Australian National University - Crawford School of Public Policy

Date Written: May 5, 2010

Abstract

The recent global recession requires policy makers to identify the relative importance of shock transmission mechanisms in each region and devise counter policy measures against future idiosyncratic shocks. In the last decade, world dynamics have changed considerably due to increased openness and integration requiring considering business cycles at regional levels. This paper analyzes the business cycle movements of the EU, ASEAN 3, NAFTA, MERCOSUR and SAARC regions to investigate why the subprime mortgage crisis of 2007 did not spread globally compared to the crisis that began with the fall of Lehman Brothers in September 2008. Employing a Panel Vector Autoregressive framework (PVEC), this study finds that the subprime mortgage crisis shock originated in the real sector (falling US housing prices) and was transmitted through trade variables. Due to absence of short term trade variables transmission mechanism in all regions except the MERCOSUR and SAARC, the shock did not spread widely to other regions. Even in the MERCOSUR and SAARC, due to limited goods exports exposure to the US, the shock was not significant. Resultantly, these regions exhibited a decoupling phenomenon during the subprime mortgage crisis. In contrast, the second shock originated with the fall of Lehman Brothers in 2008 and was transmitted through financial variables. Due to the presence of the short term causal relationship of the financial variable with GDP in all regions except SAARC, the slowdown contagion spread to most regions. As a result, the slowdown triggered the trade variables shock transmission mechanism and the SAARC region was also affected. Consequently, a business cycle convergence phenomenon was observed in the regions. Therefore, business cycles decoupling and convergence phenomena in the regions depend not only on the origin of the shock but also on the relative importance of the transmission mechanisms in each region.

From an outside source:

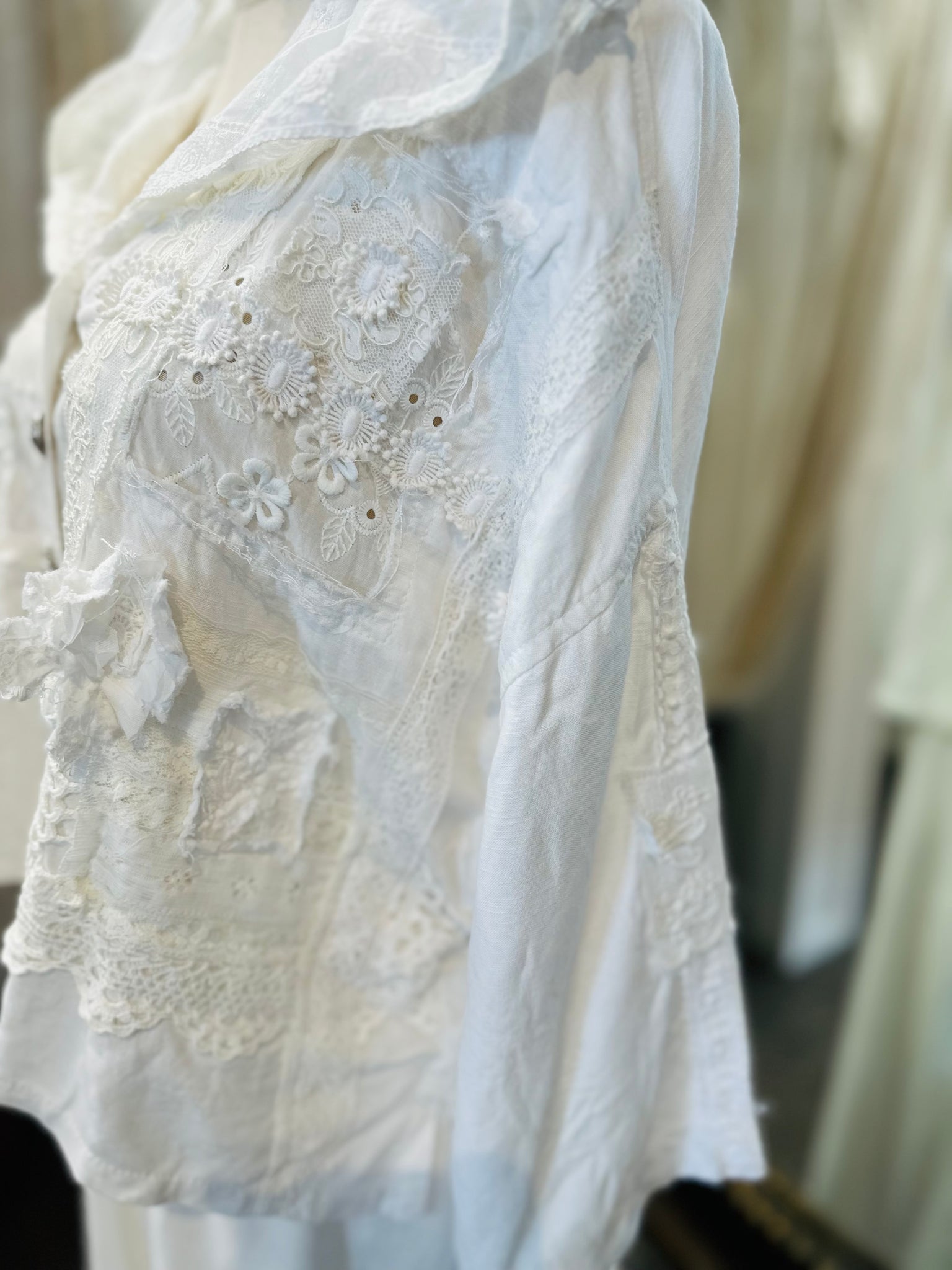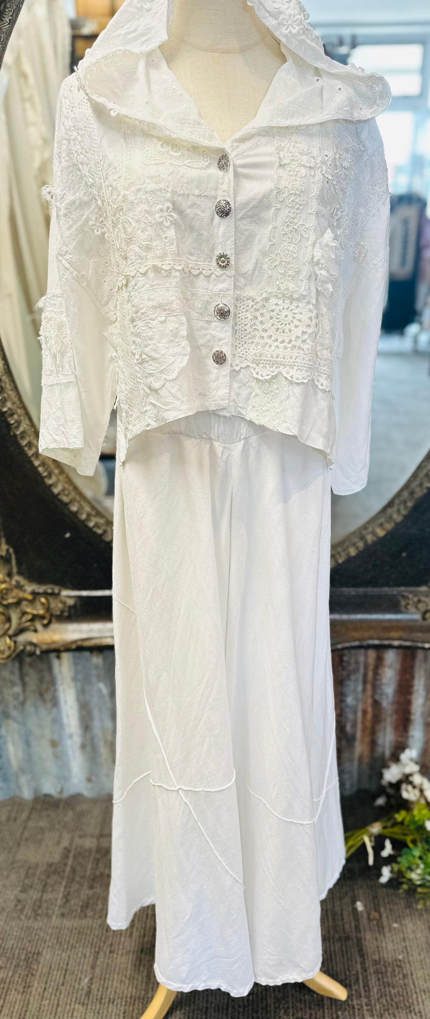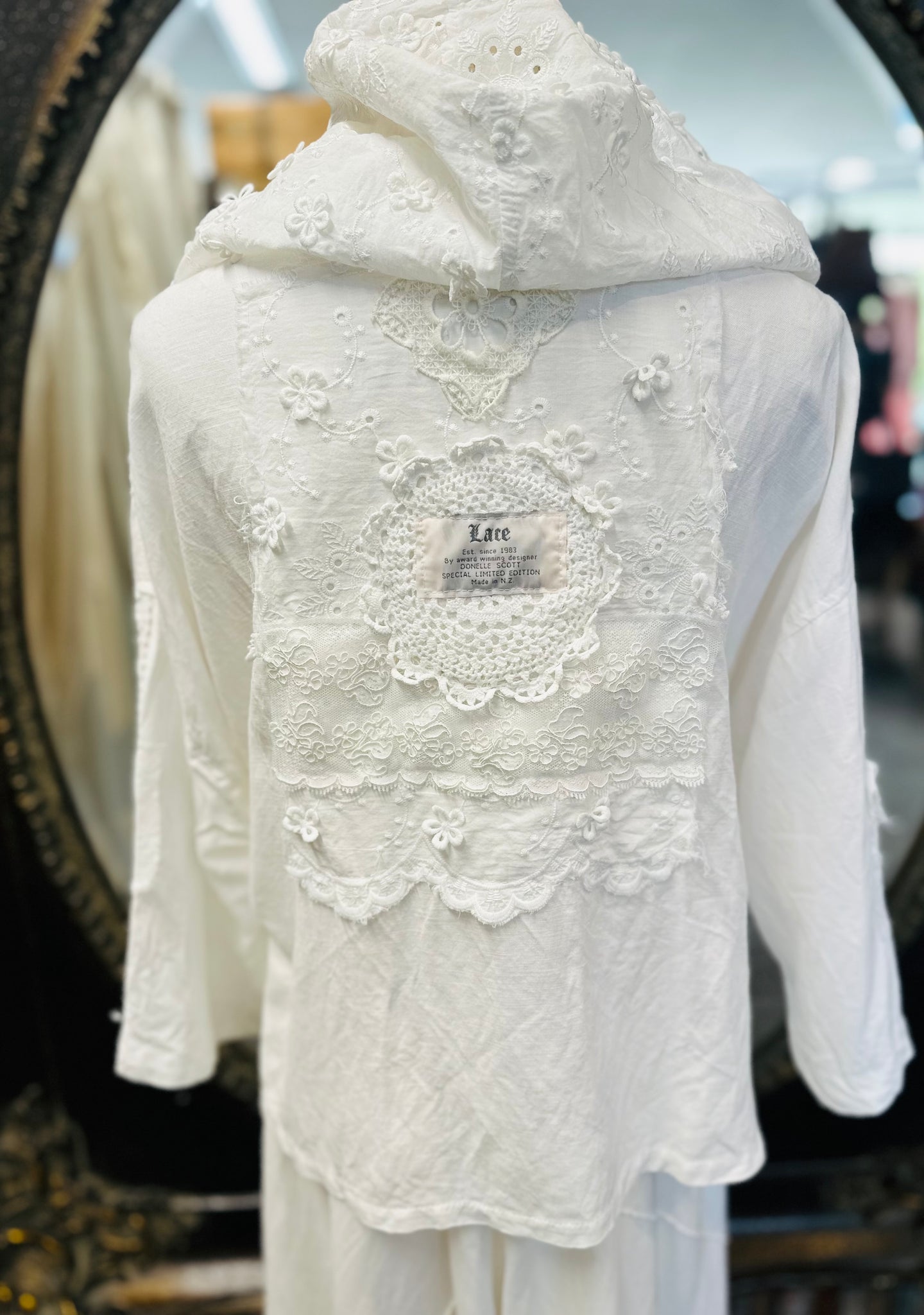 #5781 The detail on this sweet jacket is unmissable! Vintage inspired styling meets exclusive designs from Nellie Wilde. Donelle has embraced linen and created an everyday, special event cropped over top. The hood is Broderie Anglaise and the silver vintage buttons elevate this top to be worn over denim’s or your favourite summer dress.

Keywords: integration, decoupling, financial crisis, PVEC, panel co-integration, panel stationarity, FDI, exports, EU, ASEAN 3, NAFTA, MERCOSUR, SAARC, subprime, Lehman Brothers, financial crisis

JEL Classification: E3, F3, F4

Suggested Citation

Miankhel, Adil Khan and Thangavelu, Shandre Mugan and Kalirajan, Kaliappa P., Integration, Decoupling and the Global Financial Crisis: A Global Perspective (May 5, 2010). Available at SSRN: https://ssrn.com/abstract=1601085

Adil Khan Miankhel

Crawford School of Public Policy ANU, Australia ( email )

ANU College of Asia and the Pacific
J.G. Crawford Building, #132, Lennox Crossing
Canberra, Australian Capital Territory 0200
Australia

Shandre Mugan Thangavelu

National University of Singapore (NUS) - Department of Economics ( email )

1 Arts Link, AS2 #06-02
Singapore 117570, Singapore 119077
Singapore

Kaliappa P. Kalirajan (Contact Author)

Australian National University - Crawford School of Public Policy ( email )

ANU College of Asia and the Pacific
J.G. Crawford Building, #132, Lennox Crossing
Canberra, Australian Capital Territory 0200
Australia
+61261258258 (Phone)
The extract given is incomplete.